ShaneMcLean.com

Information on legal and business topics from Canadian business lawyer Shane McLean

Crowd funding in Ontario’s future

Posted by Shane McLean on September 5, 2013

In December 2012 the Ontario Securities Commission published a Staff Consultation Paper seeking comments on a number of potential new prospectus exemptions.  One of the potential exemptions that created a bit of excitement in the startup community was an exemption which would allow Canadian companies to raise equity financing through crowd funding, which is essentially a process of raising financing from a large number of small investors through an online portal.

Borrowing heavily from the concepts established by the US regulators in the JOBS Act approved in early 2012 (most of which has yet to be implemented in practice), the OSC described the following possible crowd funding structure:

  • The funding would have to be raised through a registered funding portal that meets certain qualifications.
  • A company would not be able to raise more than $1.5 Million in a 12 month period using the crowd funding exemption.
  • An investor’s investment in any one company would be limited to $2,500 and the investor’s aggregate investments in a calendar year using the crowd funding exemption would be limited to $10,000.
  • Investors would have to sign a form of risk acknowledgement.
  • Investors would have a 2 day cooling off period during which they could withdraw.
  • The company would be required to provide a pre-defined level of disclosure about the company, the financing and the funding portal.
  • The company would have certain ongoing disclosure obligations to investors that came in through the crowd funding exemption.

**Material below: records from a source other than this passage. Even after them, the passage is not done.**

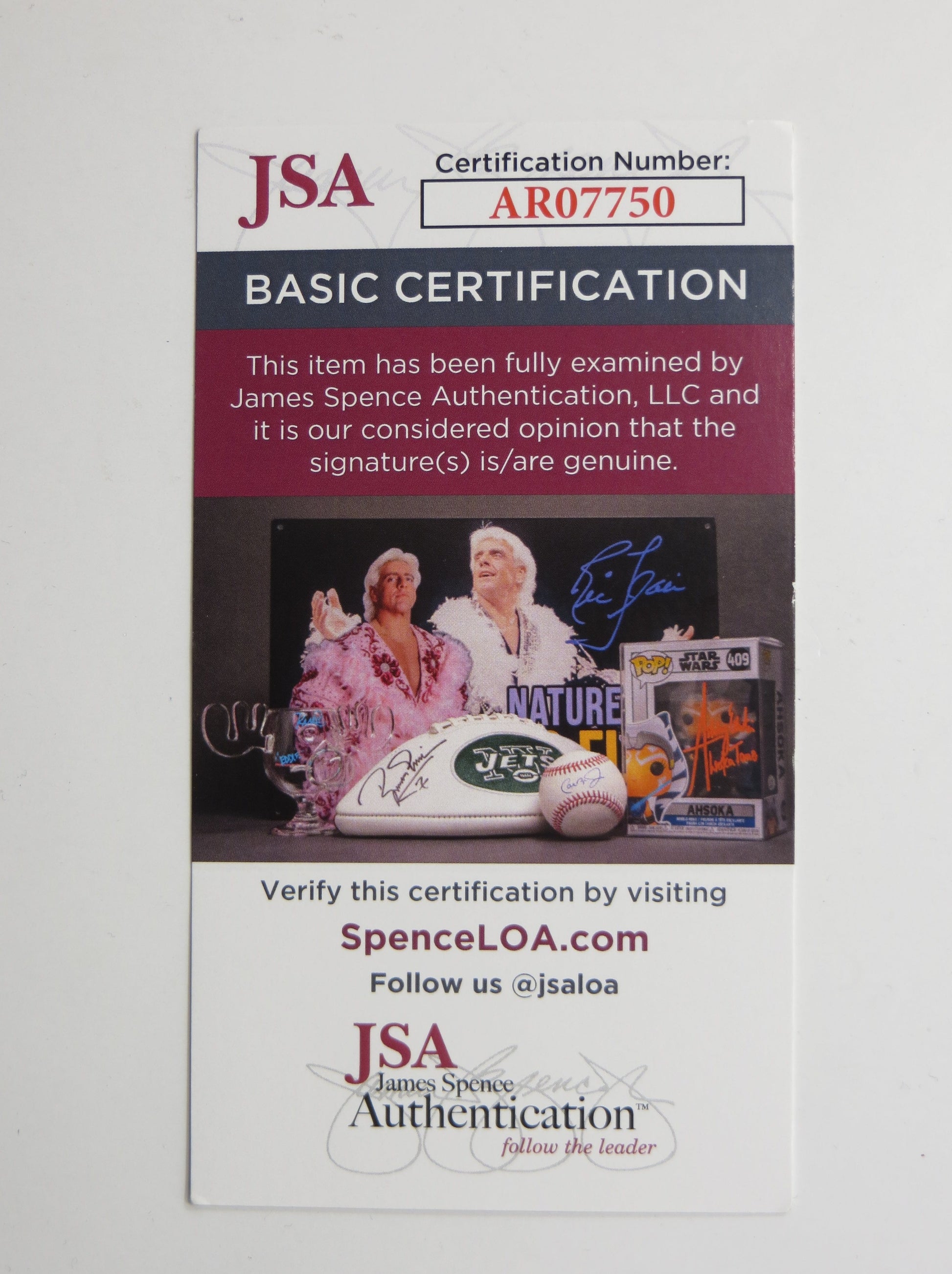This item comes with a matching numbered sticker to a Certificate of Authenticity card from James Spence Authentication (JSA).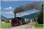 SKGLB 22 bespannte am 19.7.2018 einen Sonderzug von Mauterndorf in der Ferienregion Lungau, nach Murau und wieder retour. Die Aufnahme zeigt den Zug bei der Retourfahrt in St. Lorenzen.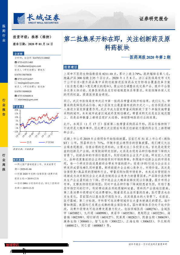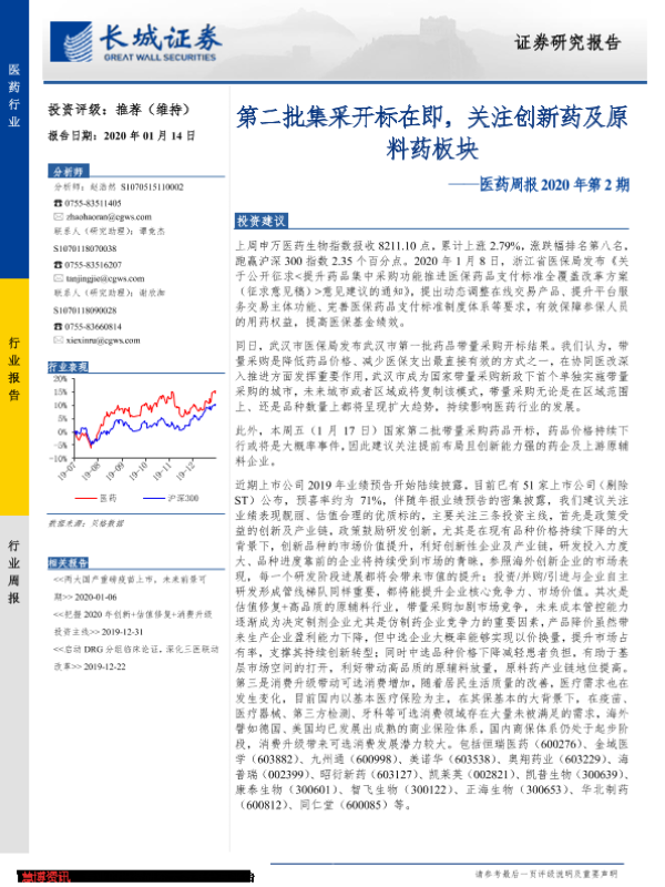 【长城证券】【20200114】医药周报2020年第2期:第二批集采开标在即,关注创新药及原料药板块-19页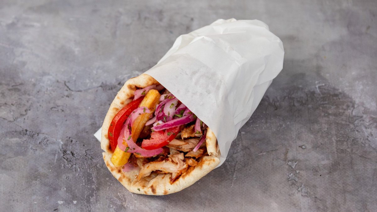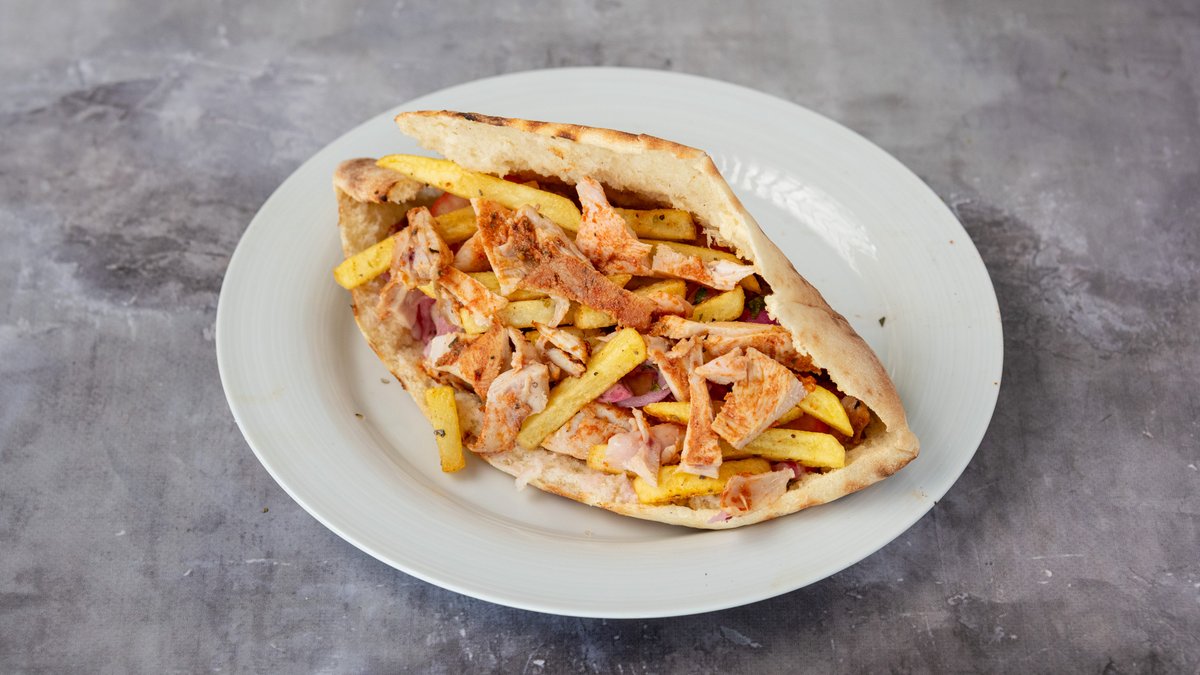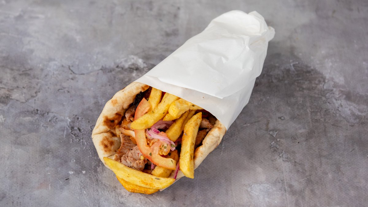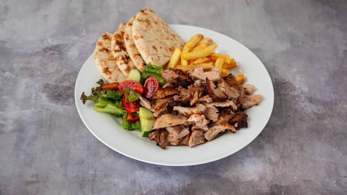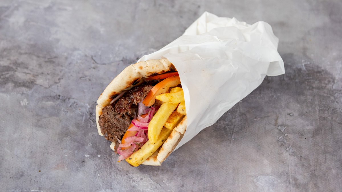 Σερβίρεται με κρεμμύδι, ντομάτα, πατάτες και σάλτσα της επιλογής σας.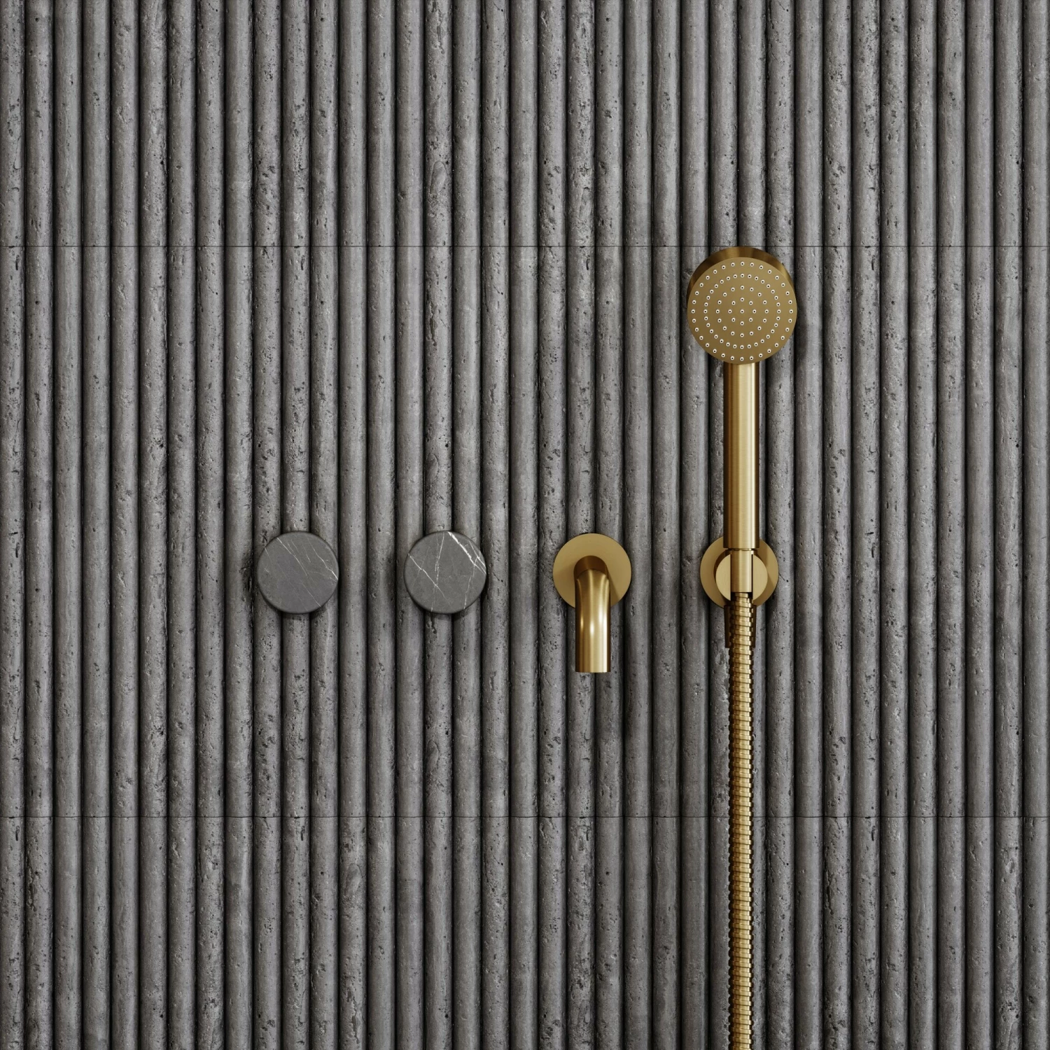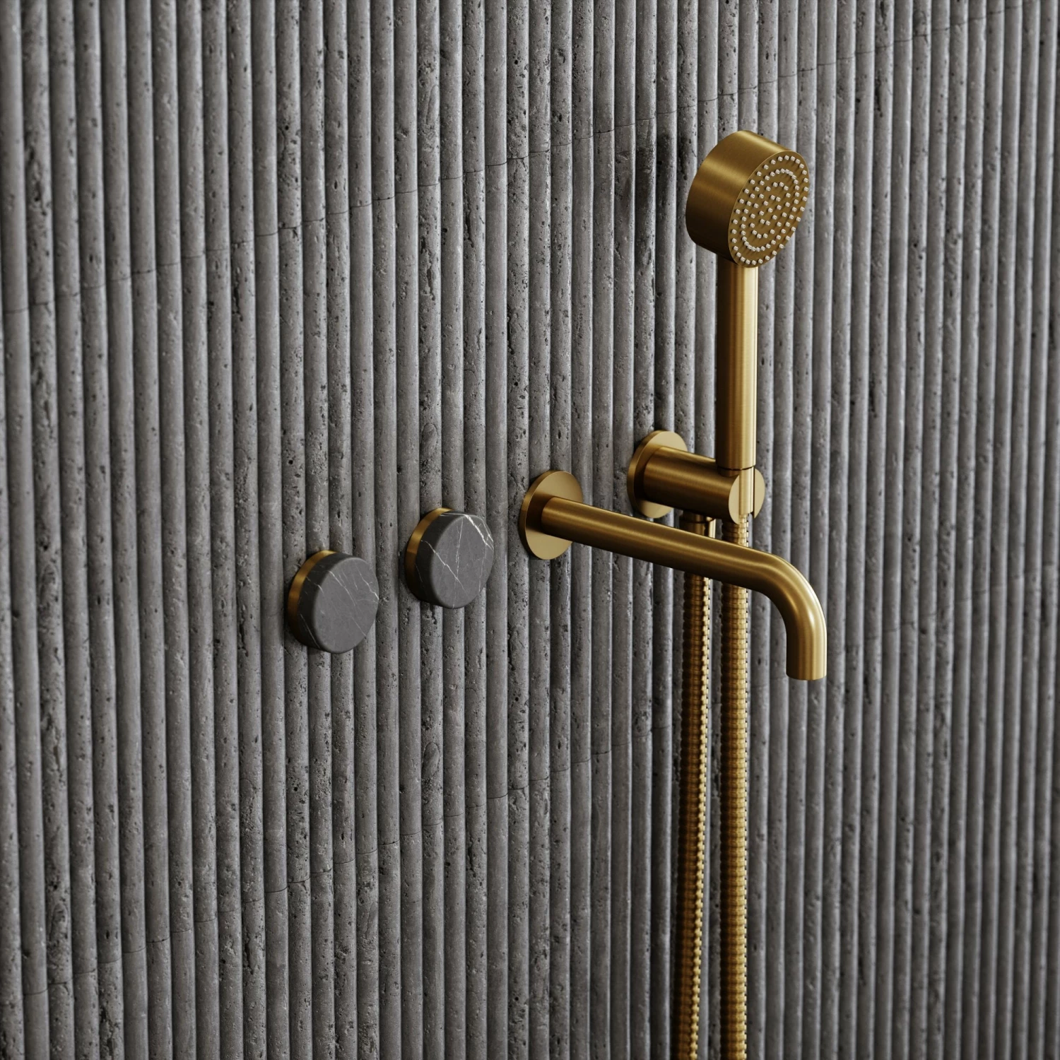 A perfect blend of design notes from our Lusso Stone and Pietra ranges, the Porto wall mounted bath filler is beautiful in appearance and premium in quality, showcasing the dramatic yet elegant Pietra Grey marble paired with regal brushed gold – a bestselling finish.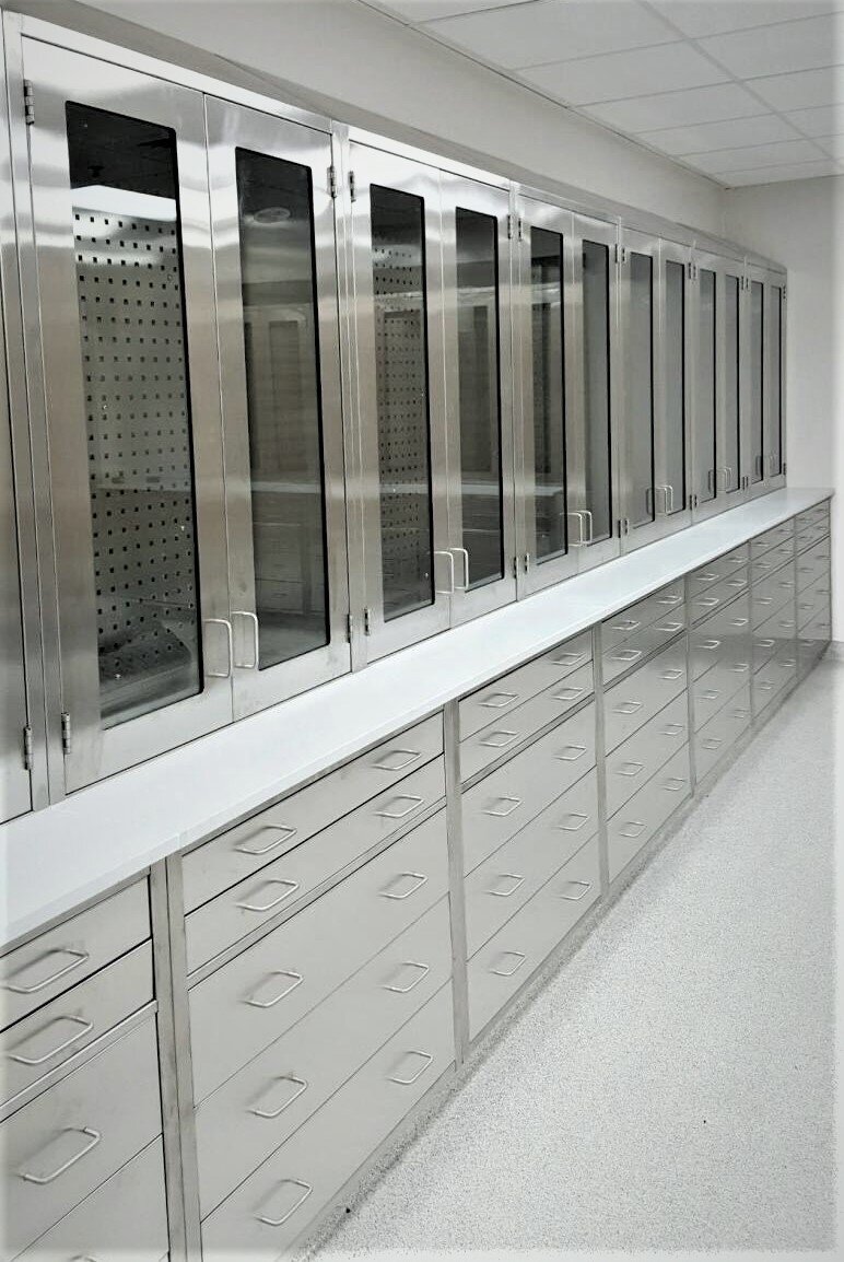 This Stainless Steel Cabinet with Drawers comes in many options to meet all your laboratory needs. This includes customizing the number of doors, drawers, and overall dimensions. Custom Fabricators welcomes the opportunity to meet your specific design solutions.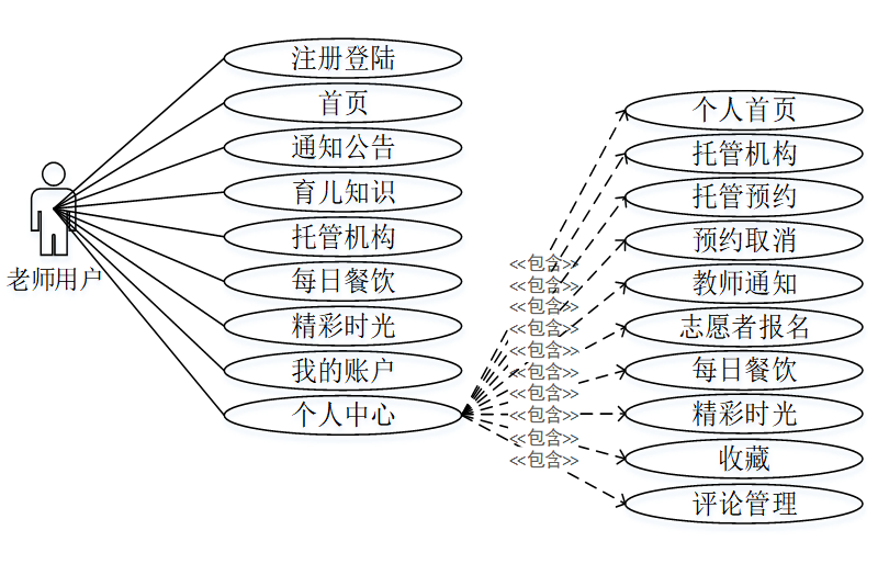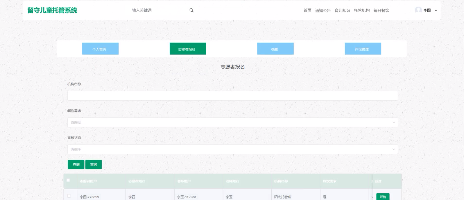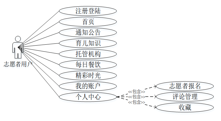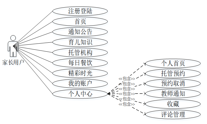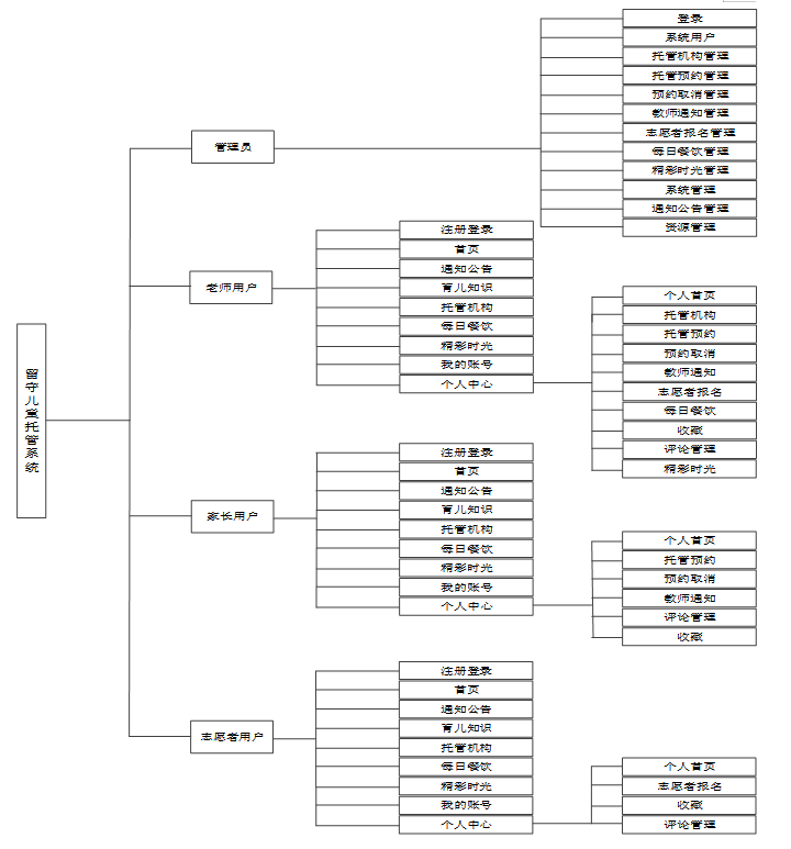 前台用户端:前台用户可以划分为老师用户、家长用户、志愿者用户等使用者,主要包括首页(通知公告、育儿知识、托管机构、每日餐饮、精彩时光)、个人中心(托管机构、托管预约、预约取消、教师通知、志愿者报名、每日餐饮、精彩时光、收藏、评论管理)等功能。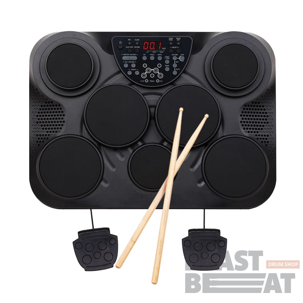 Компактная электронная ударная установка в виде консоли Medeli DD315 Portable Digital Drums. Идеальное решение для начинающих барабанщиков и репетиций в домашних условиях.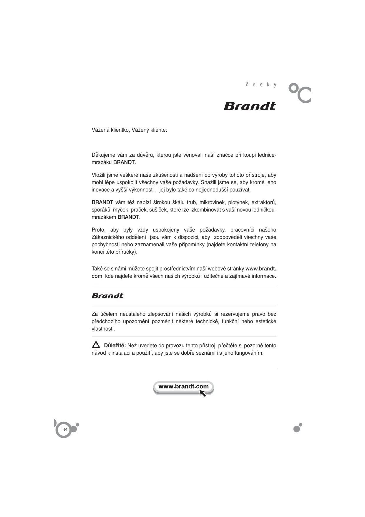 Najděte návod k zařízení zdarma BFL3702BW BRANDT ve formátu PDF.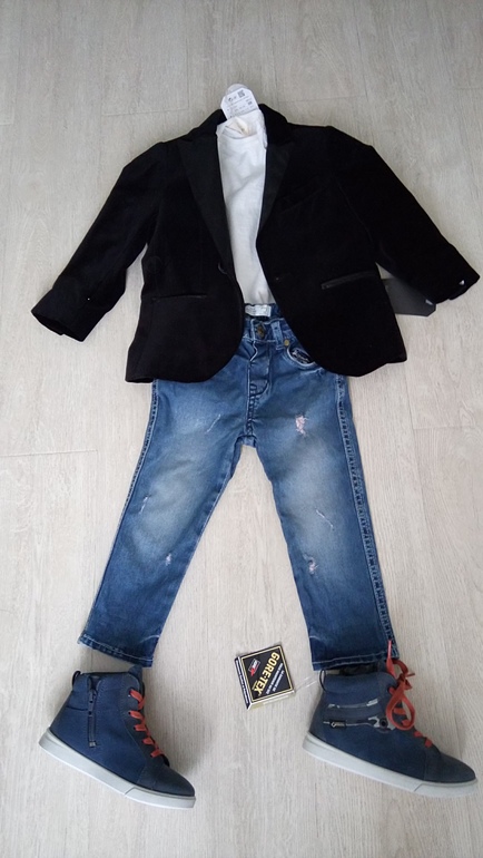 Пиджачок бархатный. Давно хотела сыну такой. И вот на распродаже и нашла) Стоил 4000, на ценнике стояло 2000 тыс., а на кассе пробилось вообще 1600) В общем мать довольна!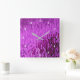 Two tone purple brick block pattern, running in a vertical direction. Purple gradation ranging from soft magenta to very dark pink purple with white highlights creates a faux fooler shimmer effect. White numbers mark the hours,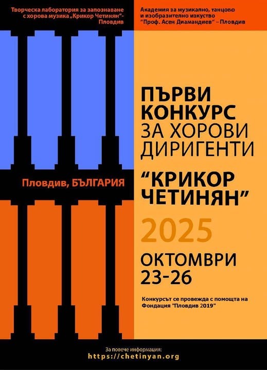 От днес в Академията за музикално танцово и изобразително изкуство "Проф. Асен Диамандиев" - Пловдив започва първият международен конкурс за хорови диригенти "Крикор Четинян". Той е организиран от висшето училище и Творческата лаборатория за хорова музика „Крикор Четинян“.

On August 28, 2013 the OSC released a progress report.  The good news for crowd funding fans is that the feedback received by the OSC on the crowd funding proposal has been positive.  As a result, the OSC will continue its work to come up with a definitive framework based on the proposed structure.  The key area where further deliberation and focus may be required seems to be on the role of the funding portal including the qualifications needed and the processes to be followed by such intermediaries.

The bottom line is that it sounds like Ontario companies and investors can expect to be able to someday take advantage of a crowd funding prospectus exemption for equity financings along the lines described above.   Regulators in other Canadian provinces are looking into this issue too and we would hope that any structure ultimately settled on will be rolled out as a harmonized policy across the country.